━━━ DATASET RECORDS

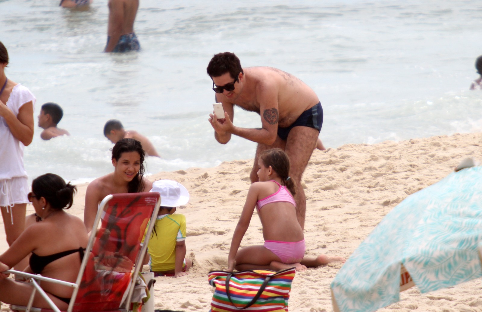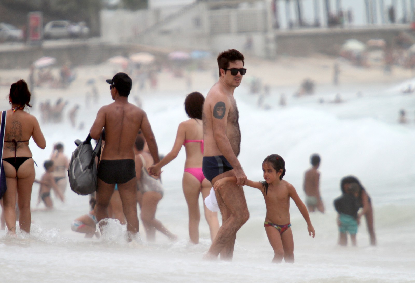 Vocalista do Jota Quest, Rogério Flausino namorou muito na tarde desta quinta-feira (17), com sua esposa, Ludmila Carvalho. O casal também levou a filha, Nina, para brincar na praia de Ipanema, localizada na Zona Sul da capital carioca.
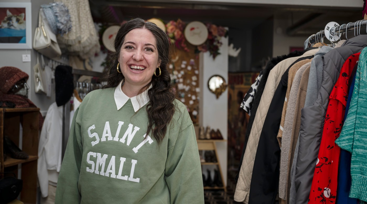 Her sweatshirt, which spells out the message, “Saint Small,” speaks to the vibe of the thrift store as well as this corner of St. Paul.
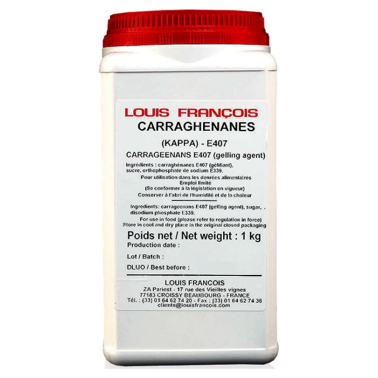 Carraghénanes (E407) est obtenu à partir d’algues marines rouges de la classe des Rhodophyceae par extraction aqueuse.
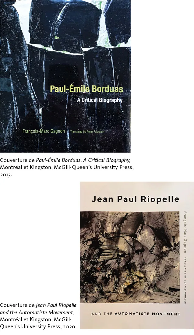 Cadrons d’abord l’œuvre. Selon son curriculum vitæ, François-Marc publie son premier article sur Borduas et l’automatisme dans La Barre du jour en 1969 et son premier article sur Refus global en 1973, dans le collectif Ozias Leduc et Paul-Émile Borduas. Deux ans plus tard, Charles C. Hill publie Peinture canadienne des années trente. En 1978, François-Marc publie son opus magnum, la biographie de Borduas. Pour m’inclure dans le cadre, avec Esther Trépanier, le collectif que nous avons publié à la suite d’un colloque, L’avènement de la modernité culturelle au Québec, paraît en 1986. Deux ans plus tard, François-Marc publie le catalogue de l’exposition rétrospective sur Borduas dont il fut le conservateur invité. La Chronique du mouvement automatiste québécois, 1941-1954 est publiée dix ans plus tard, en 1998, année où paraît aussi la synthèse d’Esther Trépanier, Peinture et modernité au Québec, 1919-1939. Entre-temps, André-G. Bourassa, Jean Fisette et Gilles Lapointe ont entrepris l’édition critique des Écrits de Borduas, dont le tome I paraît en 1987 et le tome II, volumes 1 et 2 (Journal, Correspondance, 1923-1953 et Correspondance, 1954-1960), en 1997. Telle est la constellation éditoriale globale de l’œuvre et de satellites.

━━━━━━
━━━ DATASET RECORDS

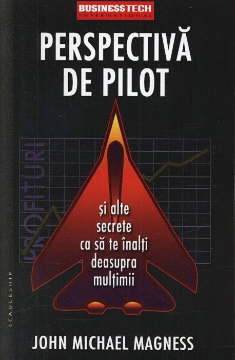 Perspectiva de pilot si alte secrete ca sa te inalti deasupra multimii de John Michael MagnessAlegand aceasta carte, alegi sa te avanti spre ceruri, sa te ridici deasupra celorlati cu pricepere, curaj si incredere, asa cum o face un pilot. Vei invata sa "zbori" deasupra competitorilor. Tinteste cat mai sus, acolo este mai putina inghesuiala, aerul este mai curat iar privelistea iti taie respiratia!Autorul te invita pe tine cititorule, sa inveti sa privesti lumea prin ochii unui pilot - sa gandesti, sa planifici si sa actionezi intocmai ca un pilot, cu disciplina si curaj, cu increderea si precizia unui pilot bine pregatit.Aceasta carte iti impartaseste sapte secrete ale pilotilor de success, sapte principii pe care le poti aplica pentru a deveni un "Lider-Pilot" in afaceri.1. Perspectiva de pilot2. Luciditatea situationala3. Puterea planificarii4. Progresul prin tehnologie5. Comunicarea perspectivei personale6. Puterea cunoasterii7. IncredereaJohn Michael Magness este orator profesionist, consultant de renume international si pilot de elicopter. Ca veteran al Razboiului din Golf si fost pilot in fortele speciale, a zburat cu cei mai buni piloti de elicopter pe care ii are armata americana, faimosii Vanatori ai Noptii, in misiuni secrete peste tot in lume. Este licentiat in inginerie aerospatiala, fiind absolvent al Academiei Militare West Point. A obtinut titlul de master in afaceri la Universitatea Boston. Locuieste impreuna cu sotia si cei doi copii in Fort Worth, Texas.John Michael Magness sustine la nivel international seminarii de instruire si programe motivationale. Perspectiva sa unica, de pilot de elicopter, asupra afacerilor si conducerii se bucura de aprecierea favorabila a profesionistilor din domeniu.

━━━━━━

WHAT YOU ARE ASKED TO DO
Set the pictures aside and reproduce exactly the lines above, from the line holding "Vocalista do Jota" through the line holding "Carraghénanes (E407) est", both included, with nothing else.

EXERCISE RESULT
 Vocalista do Jota Quest, Rogério Flausino namorou muito na tarde desta quinta-feira (17), com sua esposa, Ludmila Carvalho. O casal também levou a filha, Nina, para brincar na praia de Ipanema, localizada na Zona Sul da capital carioca.
 Her sweatshirt, which spells out the message, “Saint Small,” speaks to the vibe of the thrift store as well as this corner of St. Paul.
 Carraghénanes (E407) est obtenu à partir d’algues marines rouges de la classe des Rhodophyceae par extraction aqueuse.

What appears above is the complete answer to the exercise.